Infine, Marco Distefano, sindacalista della Fiom locale, racconta il caso delle Fonderie Zen, che originariamente, nel 1925, era un'officina meccanica. Dopo la seconda guerra mondiale si è sviluppata in una fonderia per la produzione di ghisa. Si arriva al 2004, quando un fornitore Florindo Garro, dà vita a un supergruppo, che quattro anni dopo controlla sette siti produttivi fra Italia e Francia, con 1.900 dipendenti e 500 milioni di fatturato. "L'idea – osserva il sindacalista – è di predisporre per il cliente l'intero ciclo produttivo, dalla fusione al pezzo lavorato, ma sul piano finanziario il progetto si tiene in piedi solo grazie al debito bancario. L'anno seguente arriva la crisi e da allora, nel 2009, è iniziata una vicenda sempre più difficile per i lavoratori, che, dopo tantissime ore di cig, hanno dato vita a una lotta sempre più dura per salvare i propri posti di lavoro.   Per gli addetti delle Fonderie Zen la salvezza è evitare innanzitutto la sottrazione degli stampi per i getti, che alcuni fornitori volevano portare via – gli stampi sono di proprietà dei fornitori – e rispettare i tempi di consegna dei pezzi in produzione. Così i cassantegrati decidono di lavorare più ore di quelle previste, assicurando la loro presenza in fabbrica anche di sabato pomeriggio, e riescono a tenere aperta l'azienda contro un'istanza di fallimento che rischiava di espellerli definitivamente dalle Fonderie Zen. In tal modo, si è riusciti a passare da un fallimento a un'amministrazione straordinaria. Dal gennaio 2010 è iniziata ufficialmente l'autogestione ed è durata fino ad ottobre 2012, riuscendo a rimettere in carreggiata la produzione e a restare sul mercato. In seguito, il commissario ha cercato di vendere le fonderie ad aziende straniere, però senza successo".

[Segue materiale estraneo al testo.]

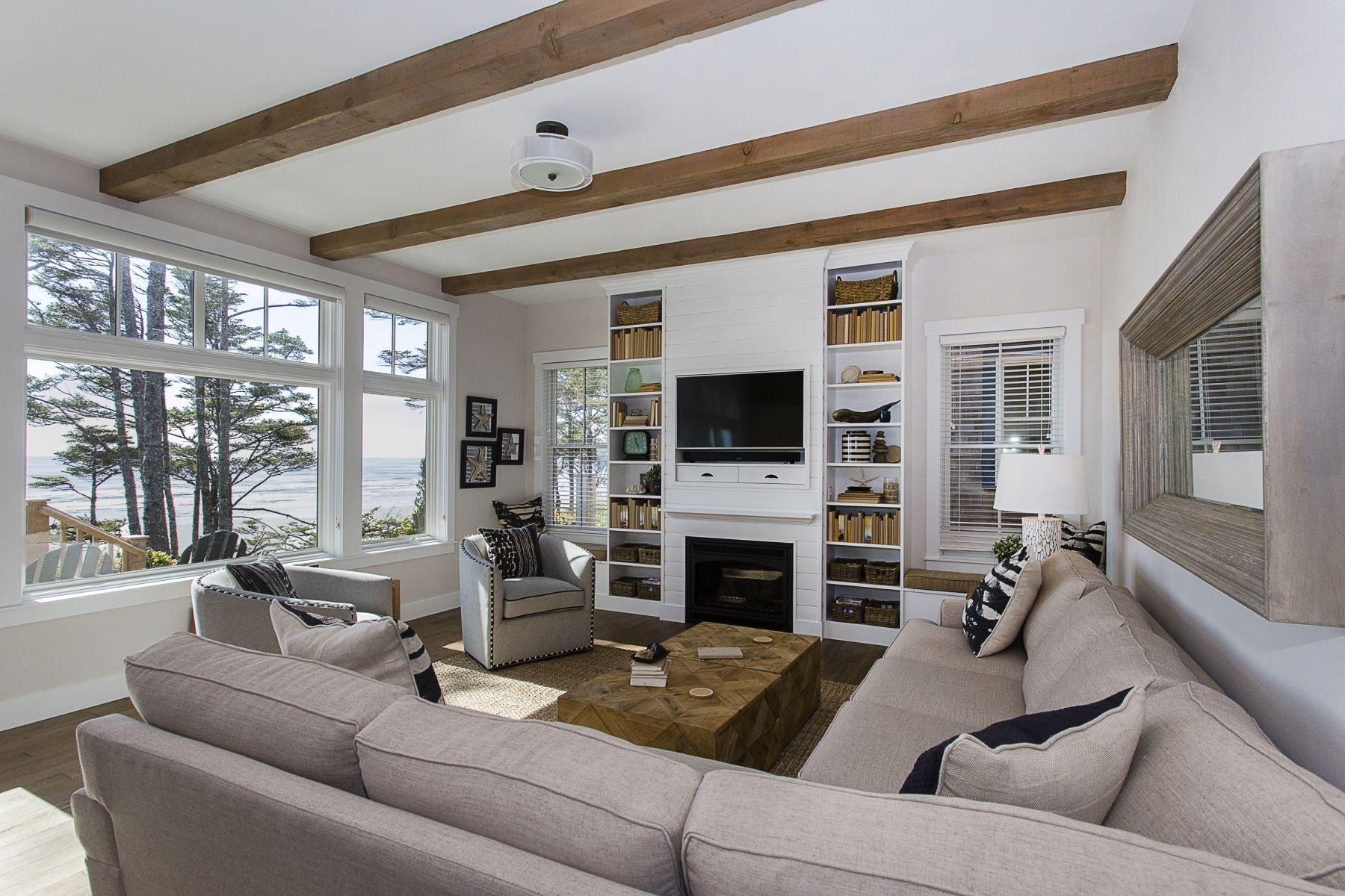 Architectural details like white-washed built-in shelving, wood-clad ceilings, or wall paneling give coastal homes a sense of craftsmanship and permanence. These features provide the perfect stage for displaying curated coastal finds like sea glass, ceramics, or woven baskets.
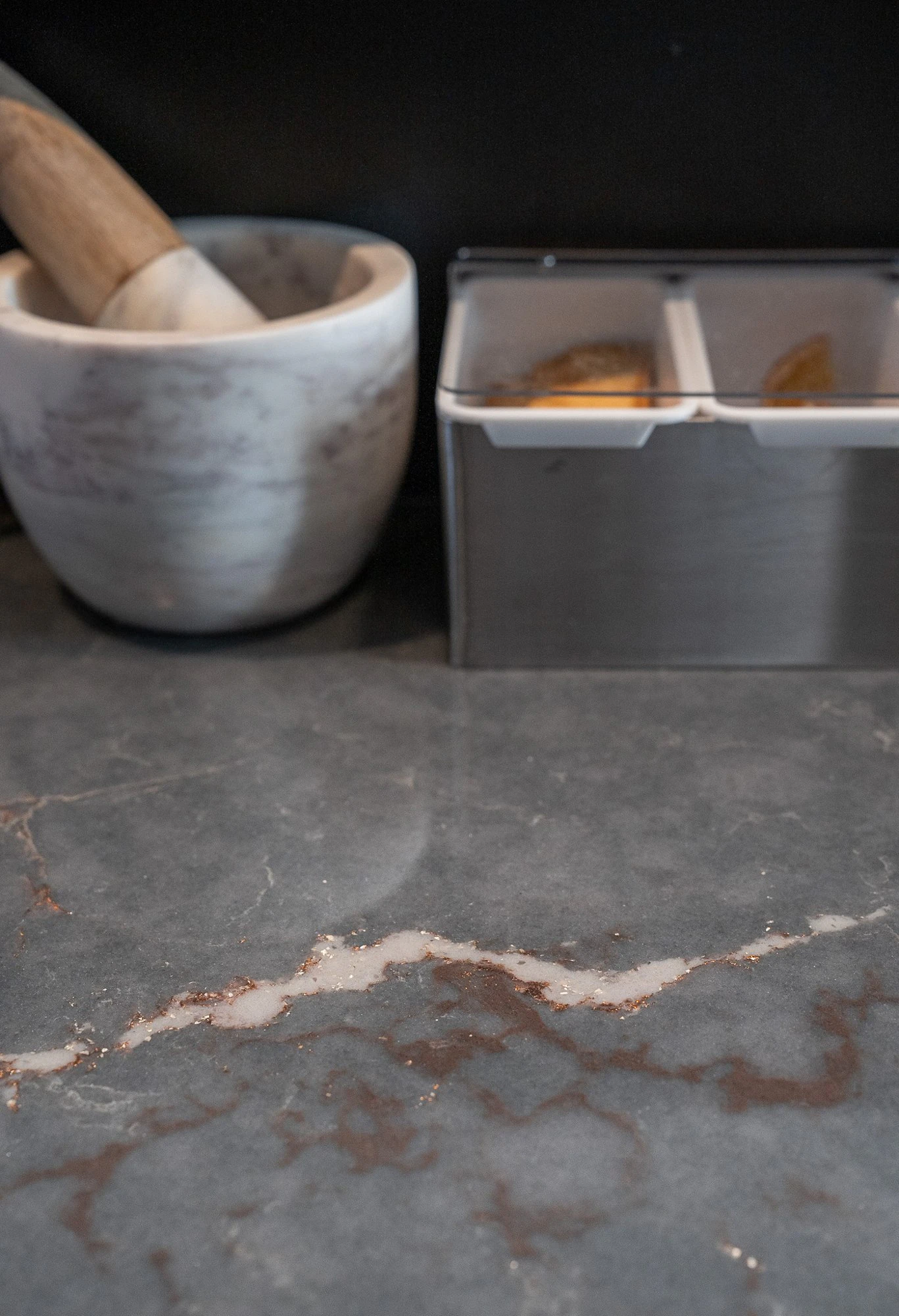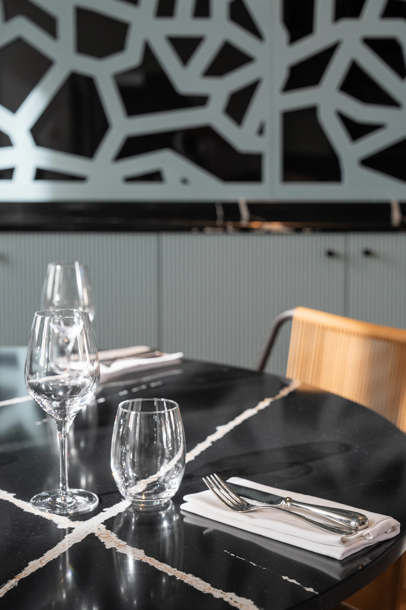 In the main dining room, the design language becomes more restrained and timeless. Table tops and the buffet counter are crafted in Silestone Eternal Noir, a deep black surface subtly veined, bringing structure and elegance to the space. The material creates a strong yet understated presence, reinforcing the clarity of the volumes and the overall coherence of the project.
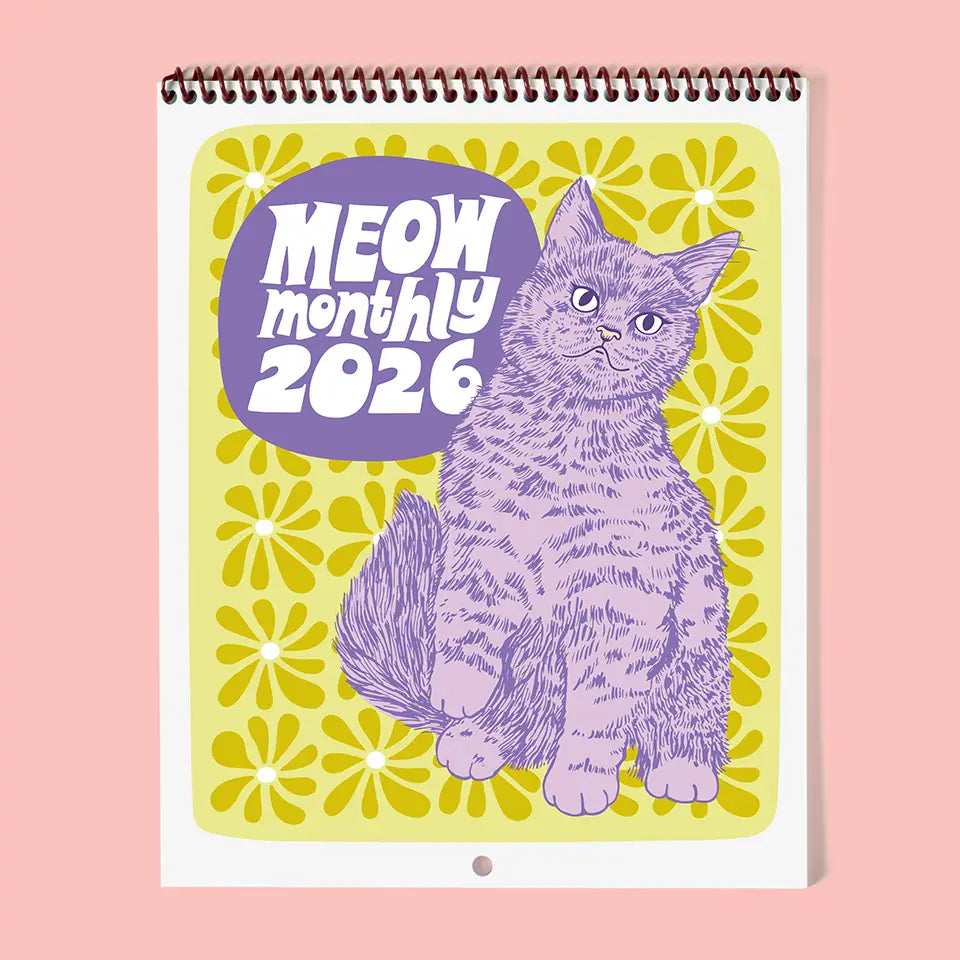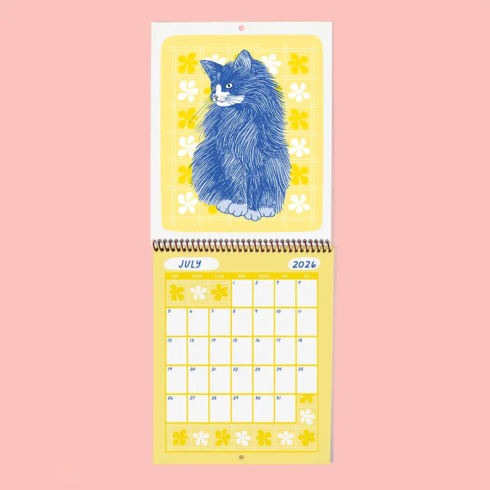 A colorful 12 month calendar showcasing various kitty friends! This calendar is 8 x 10 inches (8 x 20 hanging), flat printed, and coil bound with drilled hole for wall hanging.
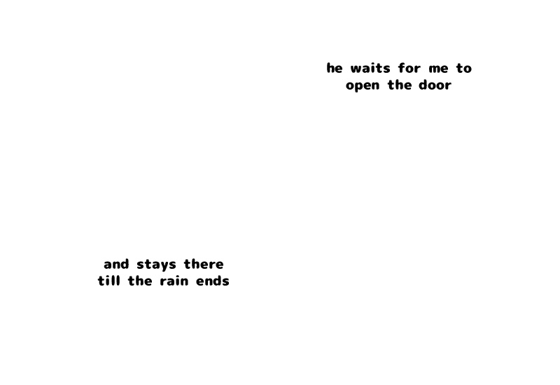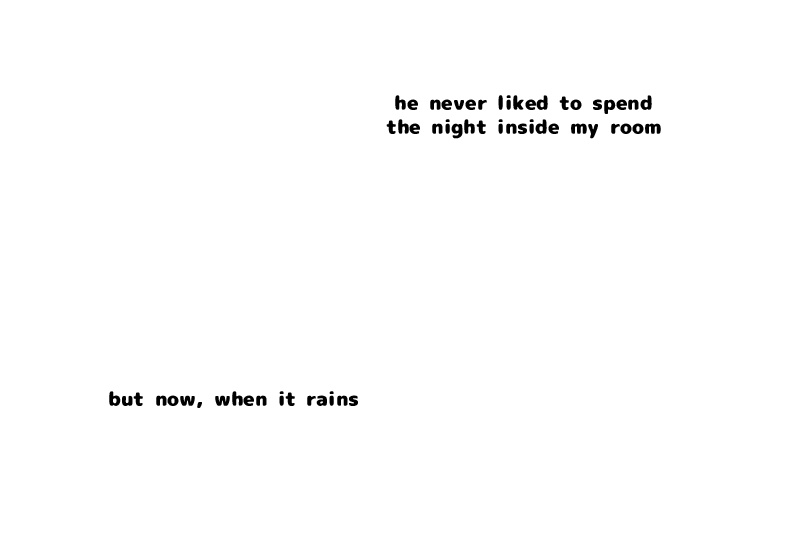 so now that's what happens every time that rains.. and I thought he was a tough cookie.. XD when he enters my room, he usually wakes me up to go out, but on rainy nights he stays till the morning.. [ PT-BR ] então é isso o que acontece toda vez que chove.. e eu achei que ele era durão.. XD quando ele entra no meu quarto, ele normalmente me acorda para poder sair, mas agora em noites chuvosas ele fica no quarto até de manhã..
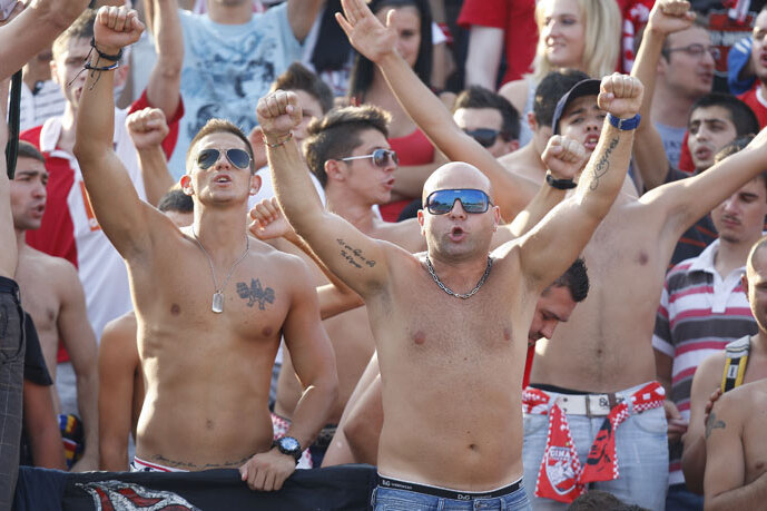 Cîţiva dintre suporterii români de la tribuna a II-a a Stadionului Dinamo au avut o altercaţie cu ziariştii ucraineni prezenţi la meciul din returul play-off-ului Ligii Europa după ce jurnaliştii şi-au manifestat bucuria la golul marcat de Januzi.
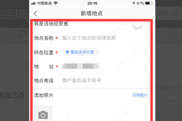 5、最后一步添加自己店鋪的信息(地點名稱、所在位置、地址電話等等),確認提交完成。
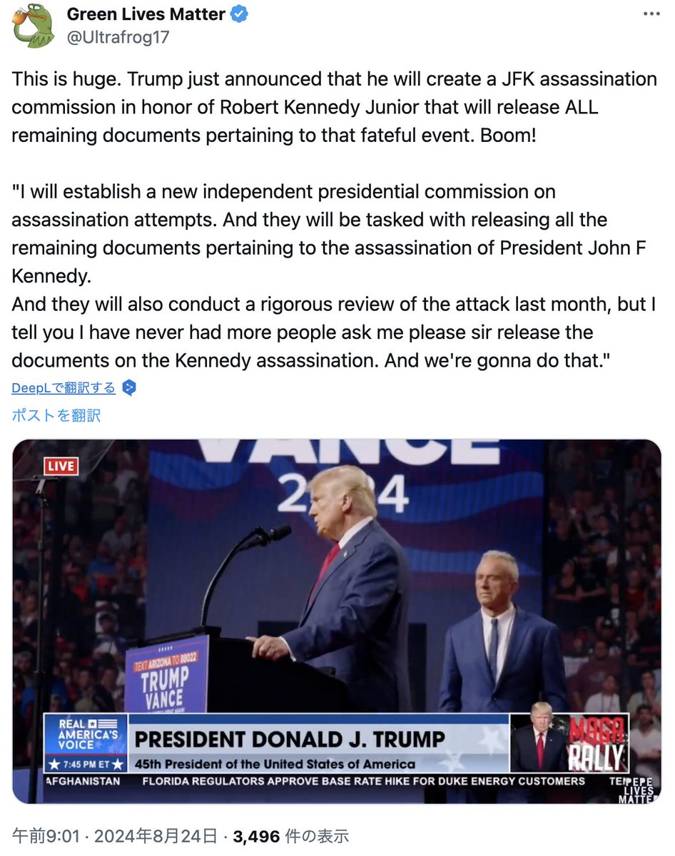 これは大ニュースです。トランプ大統領は、ロバート・ケネディ・ジュニアに敬意を表し、JFK暗殺委員会を創設し、あの運命的な出来事に関連する残りの文書をすべて公開すると発表しました。ドーン! 「私は暗殺未遂に関する独立した大統領委員会を新設する。そして、ジョン・F・ケネディ大統領暗殺に関連する残された文書をすべて公開することを任務とする。 彼らはまた、先月の攻撃について厳密な検証を行うだろうが、私は、ケネディ暗殺に関する文書を公開してもらいたいと、これほど多くの人々に言われたことはないと語っています。我々はそれを行うでしょう」
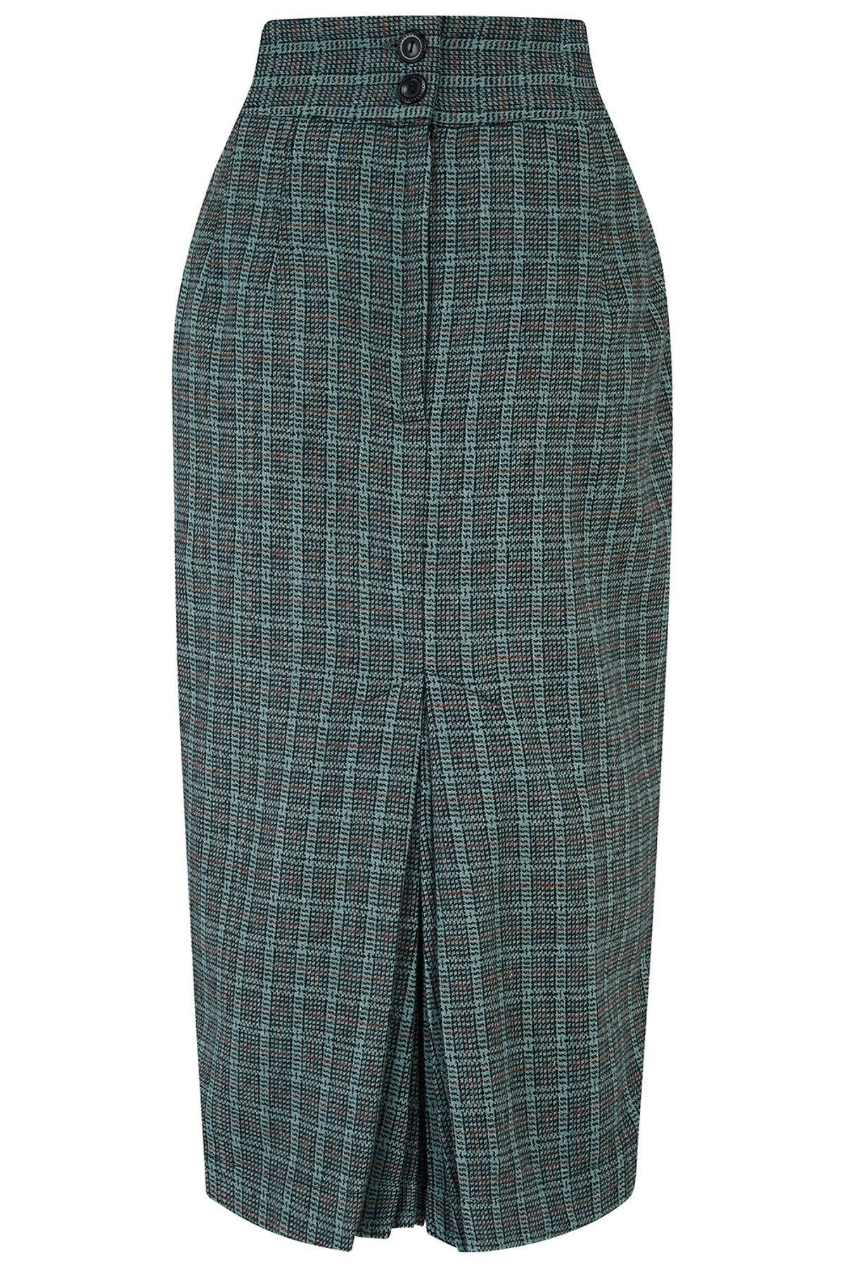 Let your wardrobe do the talking with our 💫Vintage Jitterbug Pencil Skirt💫 in a classy teal grey check. Step back into the enchanting era of the 1950s! This charming piece is cut to enhance your silhouette, hugging those curves just where it counts. Add to it, a flirtatious kick-pleat at the rear, making it oh-so perfect for a spin or two on the dance floor.🕺
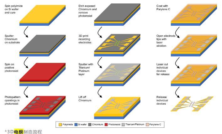 研究人員在硅襯底上制造了多孔電極用于刺激神經(jīng)元。使用金屬接觸焊盤(pán)和跡線(xiàn)直接在硅晶片上圖案化。然后用SU-8對(duì)跡線(xiàn)進(jìn)行絕緣,并涂覆鉻犧牲層。SU-8層和鉻層都被圖案化,為印刷品和接觸焊盤(pán)打開(kāi)窗口。電極結(jié)構(gòu)被3D打印、金屬化,然后鉻被蝕刻以去除不需要的金屬。

"A quel punto, assieme a un gruppo di dirigenti, si è deciso di creare due società, una Zen fonderie e una Cls cooperativa di lavoratori srl, inviando una lettera al ministero dello Sviluppo economico per l'acquisizione di ramo d'azienda. Da lì, è iniziata una nuova vita, attraverso una forma di cogestione tra lavoratori e dirigenti, sorta per necessità, è chiaro, ma che poi ha dato i suoi frutti. 150 soci, quasi tutta la forza lavoro delle vecchie fonderie, hanno volontariamente messo a disposizione 2000 euro del loro tfr, pari a 250.000 euro di capitale. Nel 2013 il capitale sociale dell'azienda ha subito una nuova ripartizione con l'ingresso di Oversease Industries spa, una società milanese che ha rilevato il 70% della propretà. Lo scorso anno, infine, la finanziaria Veneto sviluppo ha acquisito un altro 25% e ai lavoratori è rimasto in mano il 5. Ad ogni modo, oggi siamo arrivati a due anni di attività della cooperativa, che consideriamo positivi, e vorremmo dare un seguito alla cogestione, a questo nuovo modo di fare industria e di coinvolgere i lavoratori. È qualcosa in cui noi crediamo".